Hoy se festejan cinco años de la ley de matrimonio igualitario sancionada por el Congreso de la Nación. Esa conquista legal se logró en un proceso ascendente de construcción democrática de derechos individuales y colectivos, derechos de autodefinirse y autodeterminarse, un derecho que reconoce amor e igualdad, respeto y comunidad.
Jueves 16 de julio de 2015
La sociedad en 2010 repasó, en un debate colectivo, años de lucha de la compleja y diversa comunidad LGBT con toda la sociedad, sus grupos más abiertos y sus instituciones más oscuras y cerradas.
Ese diálogo, esa fricción, esa lucha de décadas es la que se sintetizó en un “momento democrático”, en un cambio social reflejado en la ley. Fue una puerta que se abrió desde afuera, desde la sociedad, un cambio cultural que forzó al sistema institucional a escuchar, a cambiar.
Recientemente, en el mundo se festejó, y con razón, la decisión de la Corte Suprema de Estados Unidos de reconocer la constitucionalidad del matrimonio igualitario en sus cincuenta estados. Sin embargo, las Cortes Supremas tienen un rol dual ante los movimientos sociales, de la sociedad organizada y sus agendas de luchas por más y mejores derechos, especialmente ante aquellos que amenazan el status quo religioso, social, económico y simbólico.
Las Cortes pueden colaborar en el reconocimiento judicial de un derecho. Sin duda. Pueden colaborar en el relato social y mediático del derecho, pero no construir un derecho. Los pueblos construyen sus derechos: las mujeres, los trabajadores, los obreros, todo grupo organizado construye los derechos. No las instituciones.
Las Cortes han demostrado una ineficacia estructural en cambiar políticas públicas, en frenar violaciones sistemáticas, evidenciando complicidad e hipocresía. Casos como el “Riachuelo”, “Verbitsky” (cárceles), Badaro (jubilados), “FAL” (aborto), entre tantos otros a nivel nacional e internacional, lo demuestran.
Las Cortes mayormente son obstáculos al cambio social porque, además de abandonar los procesos de implementación de sus propias sentencias, después de usar a los colectivos que luchan, y que están atrás de las causas y de los expedientes; lo que hacen es ocultar el entramado social que impulsa el cambio, castrar al actor, capitalizar su lucha.

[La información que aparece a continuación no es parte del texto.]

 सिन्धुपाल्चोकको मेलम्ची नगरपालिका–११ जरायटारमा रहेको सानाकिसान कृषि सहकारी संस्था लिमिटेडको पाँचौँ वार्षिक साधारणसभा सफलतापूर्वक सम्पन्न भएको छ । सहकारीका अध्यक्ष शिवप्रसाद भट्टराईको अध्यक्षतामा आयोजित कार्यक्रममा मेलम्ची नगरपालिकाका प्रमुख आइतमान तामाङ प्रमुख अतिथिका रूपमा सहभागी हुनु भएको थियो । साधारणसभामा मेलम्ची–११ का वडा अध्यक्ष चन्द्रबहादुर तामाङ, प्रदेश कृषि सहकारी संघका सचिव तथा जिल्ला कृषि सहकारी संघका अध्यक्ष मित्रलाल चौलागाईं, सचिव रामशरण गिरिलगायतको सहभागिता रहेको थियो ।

La acción social se congela en una “sentencia”. La Corte capitaliza la decisión, se autorreferencia como protagonista y obstaculiza la herramienta social de conquista de derechos: la acción colectiva transversal y social de construir un derecho desde la política.
La Corte capitaliza para sí, como un órgano político, lo que son años de luchas y construcción ascendente. Mientras otros pusieron el cuerpo, la Corte pone la “cara institucional”. Se la aplaude y se la elogia, obsecuentemente, con los bufones de la Corte. Transforma la práctica social en un fallo olvidado, en un fallo sin política, sin implementación. Hermosas palabras sin política.

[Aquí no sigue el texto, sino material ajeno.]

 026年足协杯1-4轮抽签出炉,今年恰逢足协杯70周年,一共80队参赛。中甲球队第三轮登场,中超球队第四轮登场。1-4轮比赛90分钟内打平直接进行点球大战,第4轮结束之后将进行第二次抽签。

Si la Corte hubiese dictado su decisión en el fallo “Rachid”, habría tapado el proceso político y social, democrático y de lucha que hubo en 2010. Su palabra hubiese censurado la lucha colectiva. “La Corte” lo dijo. En contraste, su silencio -producto de la prudencia, del miedo o de la autorrestricción democrática- aumentó la visibilidad del actor dinámico, del protagonista: la sociedad conquistando la igualdad, expendiendo derechos.
Festejar la ley, en este caso, es festejar una conquista de una acción democrática. La Corte no tiene autoridad democrática para decirle nada a la sociedad. No la tuvo cuando dictó el horrible fallo “CHA”, entre tantos otros. Fue obstáculo de un cambio, otra vez.

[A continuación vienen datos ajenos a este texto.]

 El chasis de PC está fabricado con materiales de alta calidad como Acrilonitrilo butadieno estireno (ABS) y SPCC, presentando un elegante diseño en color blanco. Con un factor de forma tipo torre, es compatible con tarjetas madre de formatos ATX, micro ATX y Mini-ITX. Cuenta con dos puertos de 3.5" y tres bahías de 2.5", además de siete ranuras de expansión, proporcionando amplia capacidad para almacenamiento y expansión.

Hoy sabemos que cuando las prácticas culturales de una sociedad conquistan un derecho, esta acción construye una libertad y una igualdad que se inscriben en la constitución genética de la cultura del pueblo, en su corazón democrático e igualitario. Se conquistó un derecho, se visibilizó una herramienta para conquistar más y mejores derechos.